I made 15 chicken thighs- enough to have leftovers for days. That’s how we like to extend birthday celebrations in my house. 🙂 I included instructions on how to successfully re-heat the chicken below.
10 to 15 boneless, skinless chicken thighs, trimmed and patted dry
For the Seasoned Flour & To Finish the Dish:
3 cups (about 12.75 oz) all-purpose flour
2 T garlic powder
2 T onion powder
2 tsp paprika
2 tsp cayenne pepper
2 tsp kosher salt, divided
1 tsp freshly ground black pepper, divided
2 cups whole buttermilk
about 2 quarts canola or peanut oil, for frying
fresh rosemary and thyme sprigs, for garnish
fine sea salt or ground fleur de sel, for garnish
To Brine the Chicken:
In a large bowl, combine the water and salt; stir until dissolved.

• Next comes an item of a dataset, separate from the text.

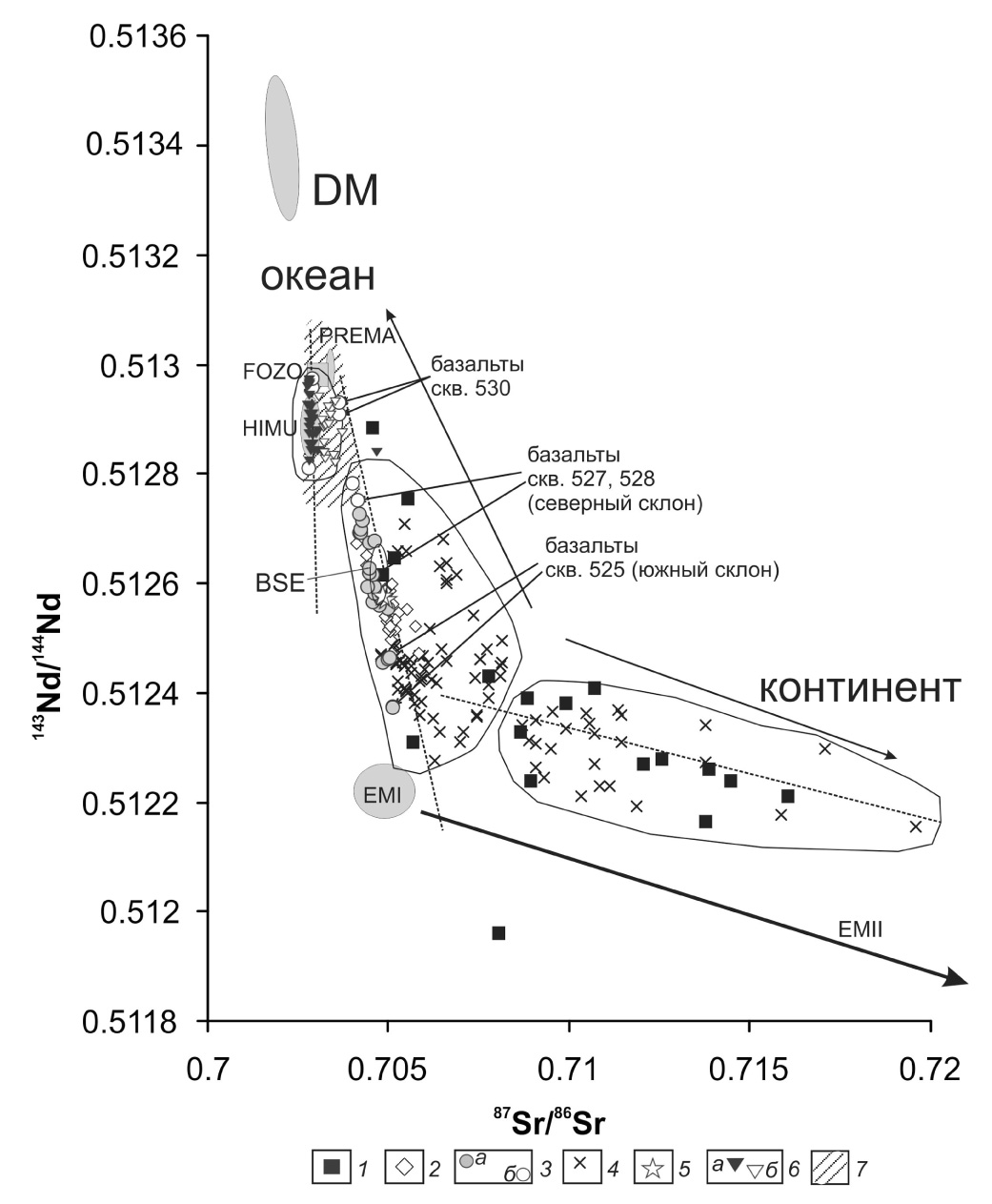 1 — базальты провинций Этендека (Южная Африка); 2 — базальты о. Тристан-Да-Кунья; 3 — базальты Китового хребта: (а) — базальты центральной части (скважины 525–528), (б) — базальты восточной части (530), 4 — базальты вулканической провинции Парана (Южная Америка), 5 — базальты возв. Рио-Гранде, 6 — базальты Камерунской вулканической линии: (а) — западная часть (о. Св. Елены), (б) — восточная часть (влк. Камерун, о. Пагалу), 7 — базальты САХ (11–19° ю. ш.).

Pour the salt water into a 2 gallon zip-top bag inside a large pot. (I used a stainless pasta pot.) Add the honey, bay leaves, garlic, peppercorns, thyme, parsley, and lemon halves; stir to combine.
Add the trimmed boneless, skinless chicken thighs, being sure they’re completely submerged; seal the bag. Refrigerate for 10 to 12 hours. (Do not refrigerate for longer than 12 hours or the chicken may become too salty.)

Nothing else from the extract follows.